Example 3: Downloading State Data¶
For this example, we will be running a simple linear regression model, so we need an additional import:
import pandas as pd
import censusdata
pd.set_option('display.expand_frame_repr', False)
pd.set_option('display.precision', 2)
import statsmodels.formula.api as sm
We begin by downloading data on some basic socioeconomic characteristics for all U.S. states:
statedata = censusdata.download('acs5', 2015, censusdata.censusgeo([('state', '*')]),
['B01001_001E', 'B19013_001E', 'B19083_001E',
'C17002_001E', 'C17002_002E', 'C17002_003E', 'C17002_004E',
'B03002_001E', 'B03002_003E', 'B03002_004E', 'B03002_012E',])

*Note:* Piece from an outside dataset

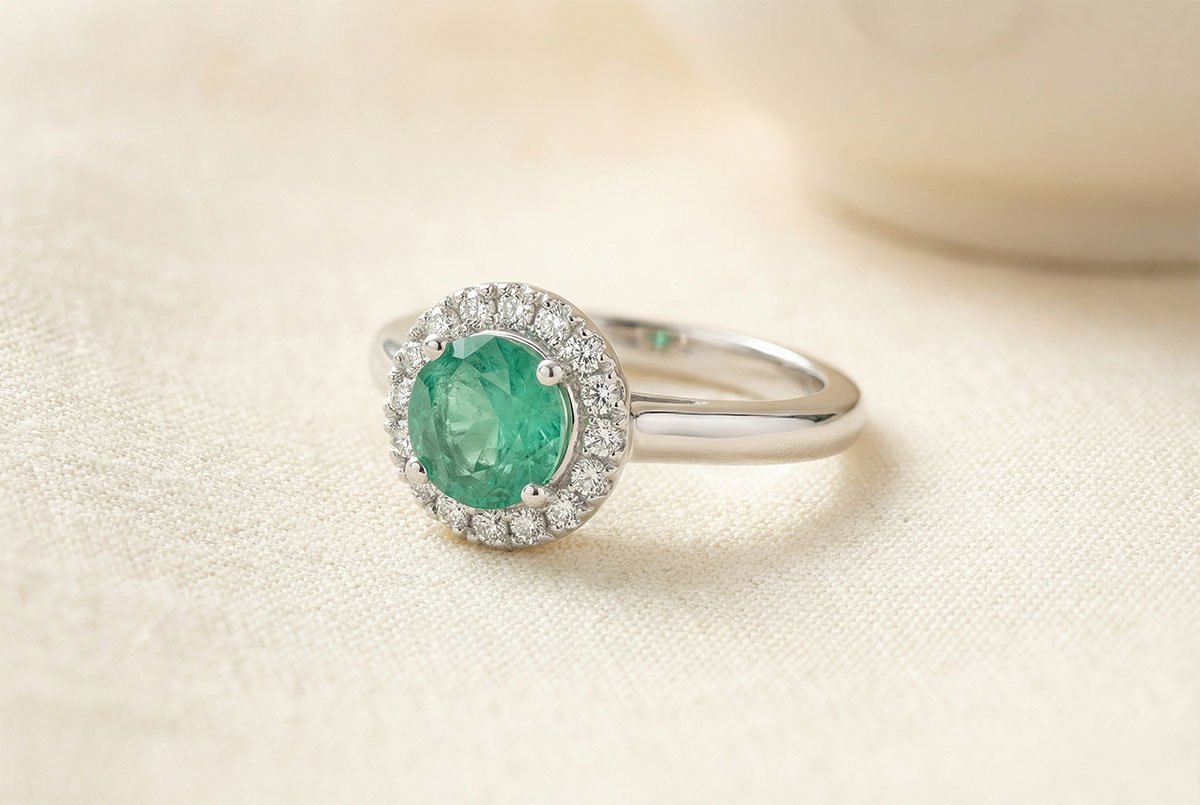 « L'ATELIER » NR 170868Pierścionek Białe złoto 375 - Szmaragd okrągły 0.5 karat - Korona z kamieni Diament 5

We then link data on the percent of voters in each state voting Democratic in the 2016 U.S. presidential election:
voting2016 = {
censusdata.censusgeo((('state', '01'),)): 34.6,
censusdata.censusgeo((('state', '02'),)): 37.7,
censusdata.censusgeo((('state', '04'),)): 45.4,
censusdata.censusgeo((('state', '05'),)): 33.8,
censusdata.censusgeo((('state', '06'),)): 61.6,
censusdata.censusgeo((('state', '08'),)): 47.2,
censusdata.censusgeo((('state', '09'),)): 54.5,
censusdata.censusgeo((('state', '10'),)): 53.4,
censusdata.censusgeo((('state', '11'),)): 92.8,
censusdata.censusgeo((('state', '12'),)): 47.8,
censusdata.censusgeo((('state', '13'),)): 45.6,
censusdata.censusgeo((('state', '15'),)): 62.3,
censusdata.censusgeo((('state', '16'),)): 27.6,
censusdata.censusgeo((('state', '17'),)): 55.4,
censusdata.censusgeo((('state', '18'),)): 37.9,
censusdata.censusgeo((('state', '19'),)): 42.2,
censusdata.censusgeo((('state', '20'),)): 36.2,
censusdata.censusgeo((('state', '21'),)): 32.7,
censusdata.censusgeo((('state', '22'),)): 38.4,
censusdata.censusgeo((('state', '23'),)): 47.9,
censusdata.censusgeo((('state', '24'),)): 60.5,
censusdata.censusgeo((('state', '25'),)): 60.8,
censusdata.censusgeo((('state', '26'),)): 47.3,
censusdata.censusgeo((('state', '27'),)): 46.9,
censusdata.censusgeo((('state', '28'),)): 39.7,
censusdata.censusgeo((('state', '29'),)): 38,
censusdata.censusgeo((('state', '30'),)): 36,
censusdata.censusgeo((('state', '31'),)): 34,
censusdata.censusgeo((('state', '32'),)): 47.9,
censusdata.censusgeo((('state', '33'),)): 47.6,
censusdata.censusgeo((('state', '34'),)): 55,
censusdata.censusgeo((('state', '35'),)): 48.3,
censusdata.censusgeo((('state', '36'),)): 58.8,
censusdata.censusgeo((('state', '37'),)): 46.7,
censusdata.censusgeo((('state', '38'),)): 27.8,
censusdata.censusgeo((('state', '39'),)): 43.5,
censusdata.censusgeo((('state', '40'),)): 28.9,
censusdata.censusgeo((('state', '41'),)): 51.7,
censusdata.censusgeo((('state', '42'),)): 47.6,
censusdata.censusgeo((('state', '44'),)): 55.4,
censusdata.censusgeo((('state', '45'),)): 40.8,
censusdata.censusgeo((('state', '46'),)): 31.7,
censusdata.censusgeo((('state', '47'),)): 34.9,
censusdata.censusgeo((('state', '48'),)): 43.4,
censusdata.censusgeo((('state', '49'),)): 27.8,
censusdata.censusgeo((('state', '50'),)): 61.1,
censusdata.censusgeo((('state', '51'),)): 49.9,
censusdata.censusgeo((('state', '53'),)): 54.4,
censusdata.censusgeo((('state', '54'),)): 26.5,
censusdata.censusgeo((('state', '55'),)): 46.9,
censusdata.censusgeo((('state', '56'),)): 22.5,
}
voting2016 = pd.DataFrame.from_dict(voting2016, orient='index')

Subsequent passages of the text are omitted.